* **Your instructions**
Below are some entries; reproduce them exactly and leave every picture out.

* **Records from a dataset**
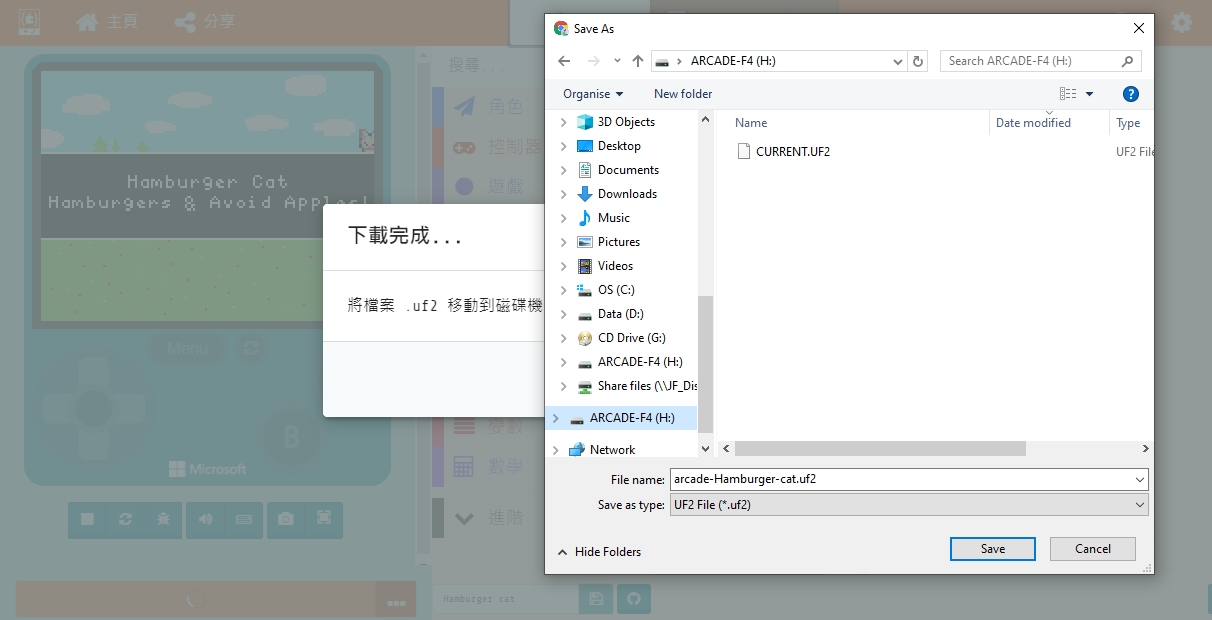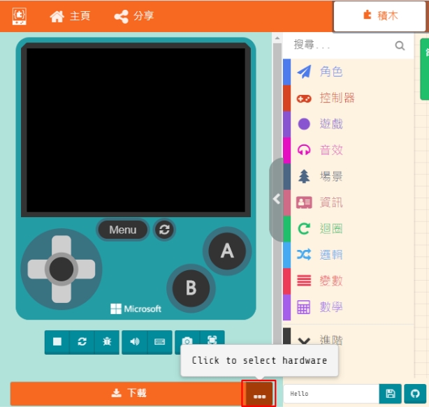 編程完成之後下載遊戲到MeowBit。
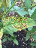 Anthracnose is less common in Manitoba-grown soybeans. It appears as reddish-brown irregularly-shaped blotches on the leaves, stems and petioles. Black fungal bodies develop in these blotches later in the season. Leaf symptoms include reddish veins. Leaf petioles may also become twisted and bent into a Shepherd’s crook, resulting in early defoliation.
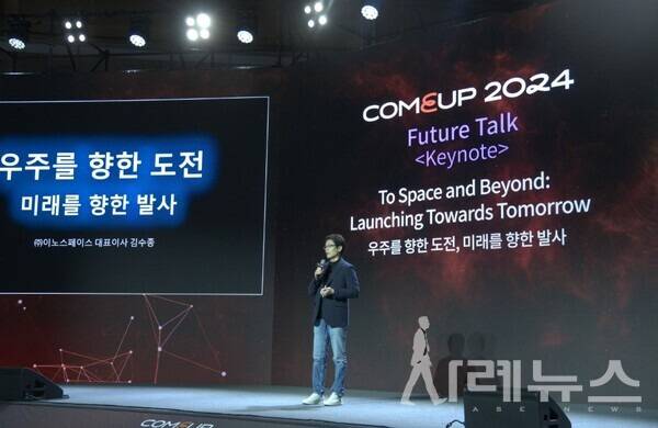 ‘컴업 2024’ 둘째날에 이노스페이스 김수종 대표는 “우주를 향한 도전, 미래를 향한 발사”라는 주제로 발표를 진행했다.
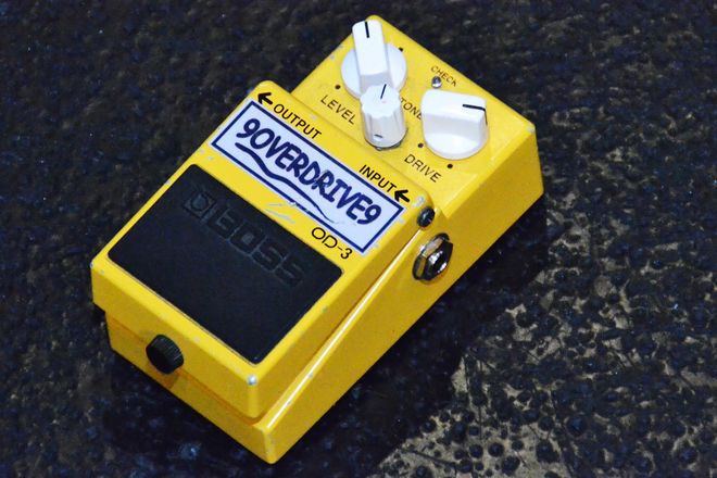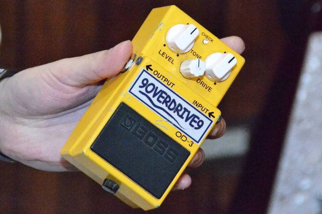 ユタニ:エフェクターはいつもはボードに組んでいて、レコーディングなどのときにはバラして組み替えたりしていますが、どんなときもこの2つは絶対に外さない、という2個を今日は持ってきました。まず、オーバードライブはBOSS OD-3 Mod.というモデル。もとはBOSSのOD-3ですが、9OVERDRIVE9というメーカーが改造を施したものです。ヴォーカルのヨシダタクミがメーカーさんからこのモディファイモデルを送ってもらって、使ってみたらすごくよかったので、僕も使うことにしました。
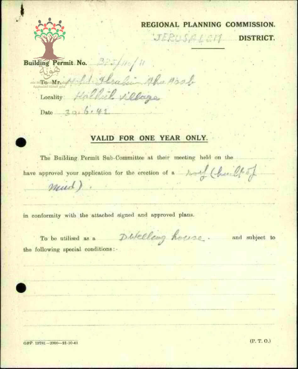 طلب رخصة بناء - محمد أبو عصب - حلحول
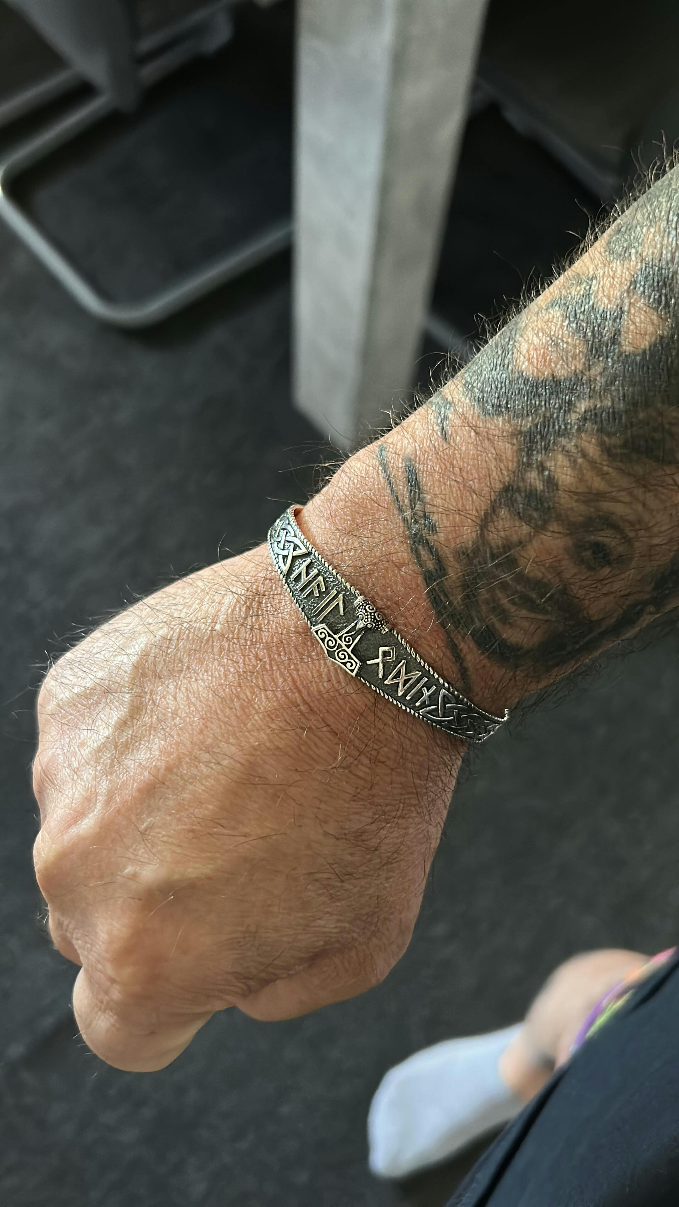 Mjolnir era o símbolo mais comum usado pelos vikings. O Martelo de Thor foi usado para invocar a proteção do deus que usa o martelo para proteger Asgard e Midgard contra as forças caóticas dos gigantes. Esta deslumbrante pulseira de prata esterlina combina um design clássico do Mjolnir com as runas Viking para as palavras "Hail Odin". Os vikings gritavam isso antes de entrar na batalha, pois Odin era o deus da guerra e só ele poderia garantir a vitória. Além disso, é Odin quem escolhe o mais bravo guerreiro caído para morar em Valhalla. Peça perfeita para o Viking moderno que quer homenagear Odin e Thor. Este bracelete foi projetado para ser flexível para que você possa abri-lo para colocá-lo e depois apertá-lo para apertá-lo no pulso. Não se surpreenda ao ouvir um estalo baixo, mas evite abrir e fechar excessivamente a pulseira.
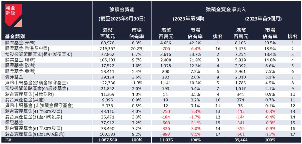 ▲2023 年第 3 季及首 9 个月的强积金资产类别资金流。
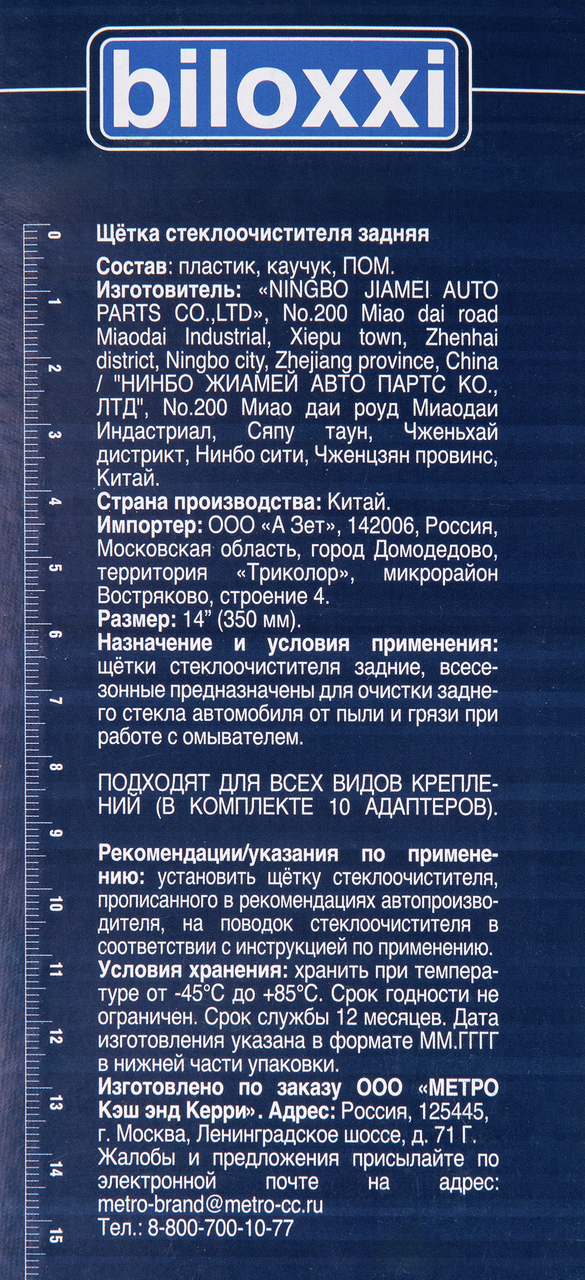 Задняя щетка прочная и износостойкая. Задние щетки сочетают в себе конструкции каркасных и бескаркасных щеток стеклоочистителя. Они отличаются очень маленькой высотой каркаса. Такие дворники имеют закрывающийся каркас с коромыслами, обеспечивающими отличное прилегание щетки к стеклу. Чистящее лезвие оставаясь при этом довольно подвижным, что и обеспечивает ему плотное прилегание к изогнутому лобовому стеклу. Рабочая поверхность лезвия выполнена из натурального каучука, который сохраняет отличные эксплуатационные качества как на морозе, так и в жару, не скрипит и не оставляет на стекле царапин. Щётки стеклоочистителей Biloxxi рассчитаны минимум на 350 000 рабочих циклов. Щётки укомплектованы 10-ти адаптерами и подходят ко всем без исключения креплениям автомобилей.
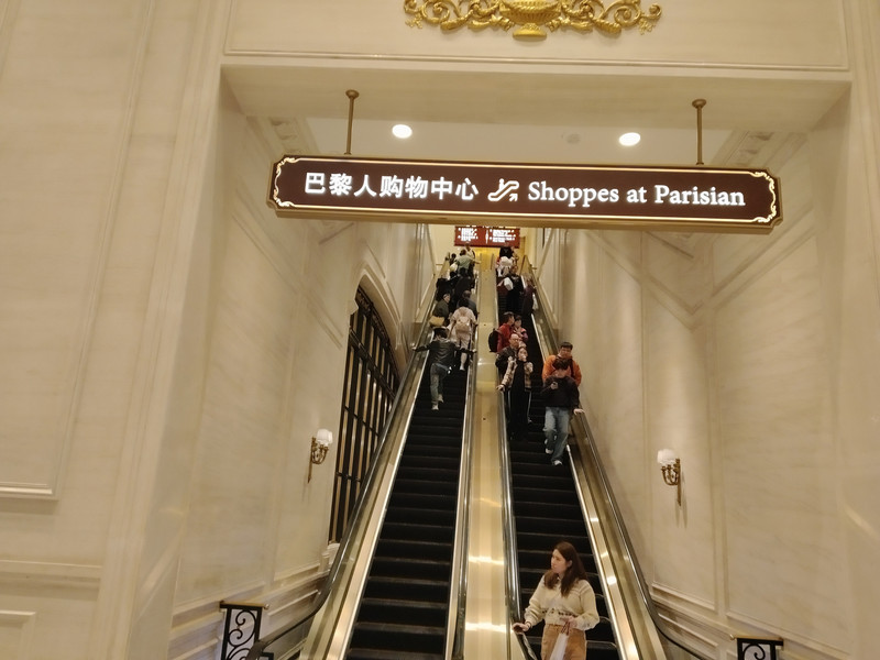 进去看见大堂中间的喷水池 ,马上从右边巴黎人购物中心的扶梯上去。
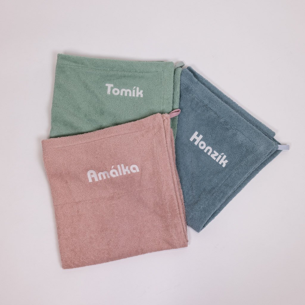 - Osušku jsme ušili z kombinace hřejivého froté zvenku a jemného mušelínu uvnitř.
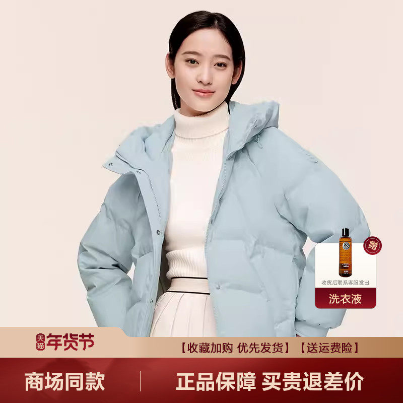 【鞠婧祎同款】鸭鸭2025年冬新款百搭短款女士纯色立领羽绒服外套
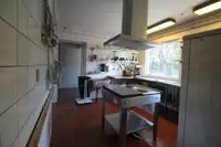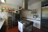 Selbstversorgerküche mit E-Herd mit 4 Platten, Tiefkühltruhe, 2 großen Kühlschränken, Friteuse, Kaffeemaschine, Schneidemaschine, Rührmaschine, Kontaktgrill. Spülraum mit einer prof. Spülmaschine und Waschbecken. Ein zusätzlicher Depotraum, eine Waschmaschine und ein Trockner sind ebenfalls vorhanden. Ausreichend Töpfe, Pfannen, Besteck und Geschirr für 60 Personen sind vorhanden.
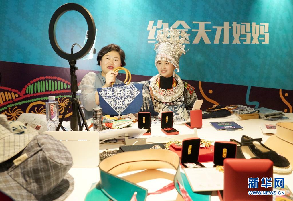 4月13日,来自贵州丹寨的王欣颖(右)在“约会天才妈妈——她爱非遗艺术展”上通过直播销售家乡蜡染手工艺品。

* **Answer box**
 編程完成之後下載遊戲到MeowBit。
 Anthracnose is less common in Manitoba-grown soybeans. It appears as reddish-brown irregularly-shaped blotches on the leaves, stems and petioles. Black fungal bodies develop in these blotches later in the season. Leaf symptoms include reddish veins. Leaf petioles may also become twisted and bent into a Shepherd’s crook, resulting in early defoliation.
 ‘컴업 2024’ 둘째날에 이노스페이스 김수종 대표는 “우주를 향한 도전, 미래를 향한 발사”라는 주제로 발표를 진행했다.
 ユタニ:エフェクターはいつもはボードに組んでいて、レコーディングなどのときにはバラして組み替えたりしていますが、どんなときもこの2つは絶対に外さない、という2個を今日は持ってきました。まず、オーバードライブはBOSS OD-3 Mod.というモデル。もとはBOSSのOD-3ですが、9OVERDRIVE9というメーカーが改造を施したものです。ヴォーカルのヨシダタクミがメーカーさんからこのモディファイモデルを送ってもらって、使ってみたらすごくよかったので、僕も使うことにしました。
 طلب رخصة بناء - محمد أبو عصب - حلحول
 Mjolnir era o símbolo mais comum usado pelos vikings. O Martelo de Thor foi usado para invocar a proteção do deus que usa o martelo para proteger Asgard e Midgard contra as forças caóticas dos gigantes. Esta deslumbrante pulseira de prata esterlina combina um design clássico do Mjolnir com as runas Viking para as palavras "Hail Odin". Os vikings gritavam isso antes de entrar na batalha, pois Odin era o deus da guerra e só ele poderia garantir a vitória. Além disso, é Odin quem escolhe o mais bravo guerreiro caído para morar em Valhalla. Peça perfeita para o Viking moderno que quer homenagear Odin e Thor. Este bracelete foi projetado para ser flexível para que você possa abri-lo para colocá-lo e depois apertá-lo para apertá-lo no pulso. Não se surpreenda ao ouvir um estalo baixo, mas evite abrir e fechar excessivamente a pulseira.
 ▲2023 年第 3 季及首 9 个月的强积金资产类别资金流。
 Задняя щетка прочная и износостойкая. Задние щетки сочетают в себе конструкции каркасных и бескаркасных щеток стеклоочистителя. Они отличаются очень маленькой высотой каркаса. Такие дворники имеют закрывающийся каркас с коромыслами, обеспечивающими отличное прилегание щетки к стеклу. Чистящее лезвие оставаясь при этом довольно подвижным, что и обеспечивает ему плотное прилегание к изогнутому лобовому стеклу. Рабочая поверхность лезвия выполнена из натурального каучука, который сохраняет отличные эксплуатационные качества как на морозе, так и в жару, не скрипит и не оставляет на стекле царапин. Щётки стеклоочистителей Biloxxi рассчитаны минимум на 350 000 рабочих циклов. Щётки укомплектованы 10-ти адаптерами и подходят ко всем без исключения креплениям автомобилей.
 进去看见大堂中间的喷水池 ,马上从右边巴黎人购物中心的扶梯上去。
 - Osušku jsme ušili z kombinace hřejivého froté zvenku a jemného mušelínu uvnitř.
 【鞠婧祎同款】鸭鸭2025年冬新款百搭短款女士纯色立领羽绒服外套
 Selbstversorgerküche mit E-Herd mit 4 Platten, Tiefkühltruhe, 2 großen Kühlschränken, Friteuse, Kaffeemaschine, Schneidemaschine, Rührmaschine, Kontaktgrill. Spülraum mit einer prof. Spülmaschine und Waschbecken. Ein zusätzlicher Depotraum, eine Waschmaschine und ein Trockner sind ebenfalls vorhanden. Ausreichend Töpfe, Pfannen, Besteck und Geschirr für 60 Personen sind vorhanden.
 4月13日,来自贵州丹寨的王欣颖(右)在“约会天才妈妈——她爱非遗艺术展”上通过直播销售家乡蜡染手工艺品。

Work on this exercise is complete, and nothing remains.